__Problem description__
Leave the pictures behind and reproduce every line of the listing exactly.

__Data excerpt__
=======

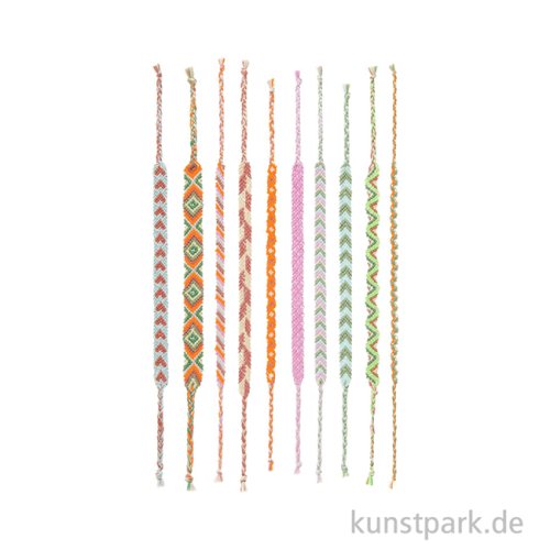 Gestalte ganz persönliche Freundschaftsbänder! Mit den 10 leuchtenden Garnfarben knüpfst Du bis zu 7 einzigartige Armbänder für Dich und Deine Lieblingsmenschen. Anleitungen für 10 Knüpfmuster und ein Video-Tutorial begleiten Dich Schritt für Schritt.
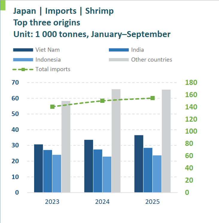 Nhập khẩu nguyên liệu đông lạnh để chế biến tái xuất tăng ở Việt Nam và Thái Lan trong nửa cuối năm 2025. Việt Nam, một nhà sản xuất và xuất khẩu tôm chế biến lớn, đã nhập khẩu 85.000 tấn tôm đông lạnh nguyên liệu trong năm 2025 (+50% so với năm trước) để bổ sung nguồn cung trong nước. Ấn Độ là nhà cung cấp chính cho Việt Nam với 62.200 tấn, tiếp theo là Ecuador với 12.000 tấn.
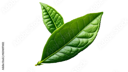 © Visualhub, Fototapeta premium a fresh green tea leaf on a white background for design purposes, flat lay

=======

__Task answer__
 Gestalte ganz persönliche Freundschaftsbänder! Mit den 10 leuchtenden Garnfarben knüpfst Du bis zu 7 einzigartige Armbänder für Dich und Deine Lieblingsmenschen. Anleitungen für 10 Knüpfmuster und ein Video-Tutorial begleiten Dich Schritt für Schritt.
 Nhập khẩu nguyên liệu đông lạnh để chế biến tái xuất tăng ở Việt Nam và Thái Lan trong nửa cuối năm 2025. Việt Nam, một nhà sản xuất và xuất khẩu tôm chế biến lớn, đã nhập khẩu 85.000 tấn tôm đông lạnh nguyên liệu trong năm 2025 (+50% so với năm trước) để bổ sung nguồn cung trong nước. Ấn Độ là nhà cung cấp chính cho Việt Nam với 62.200 tấn, tiếp theo là Ecuador với 12.000 tấn.
 © Visualhub, Fototapeta premium a fresh green tea leaf on a white background for design purposes, flat lay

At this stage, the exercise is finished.